Data shown =
= Beginning of Section =

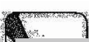
SOLE OF FOOT
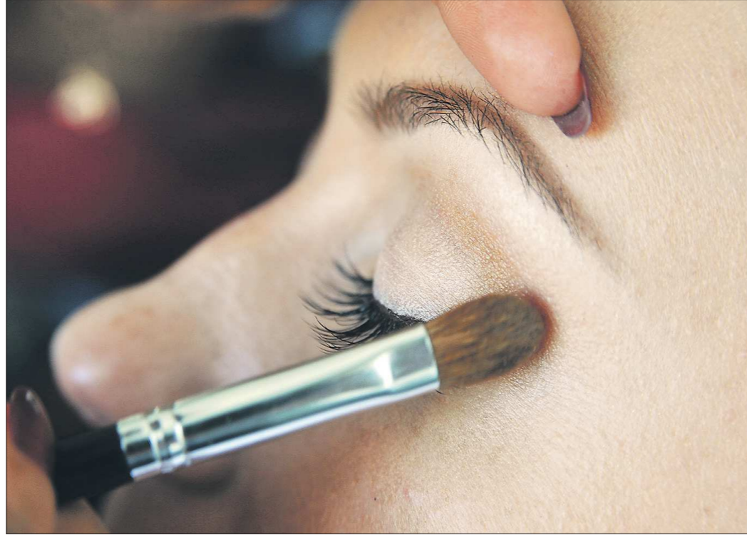
Любому цвету глаз подойдут оттенки «золото» и «бронза»

Ну и, конечно, отдельно нужно сказать о вечернем макияже. Ведь лето — это ещё и пора свадебных торжеств, выпускных балов и весёлых вечеринок.

= End of Section =

Assignment = Copy out nothing but text: transcribe the listing exactly and skip each picture.

Solution to this exercise =
SOLE OF FOOT
Любому цвету глаз подойдут оттенки «золото» и «бронза»

Ну и, конечно, отдельно нужно сказать о вечернем макияже. Ведь лето — это ещё и пора свадебных торжеств, выпускных балов и весёлых вечеринок.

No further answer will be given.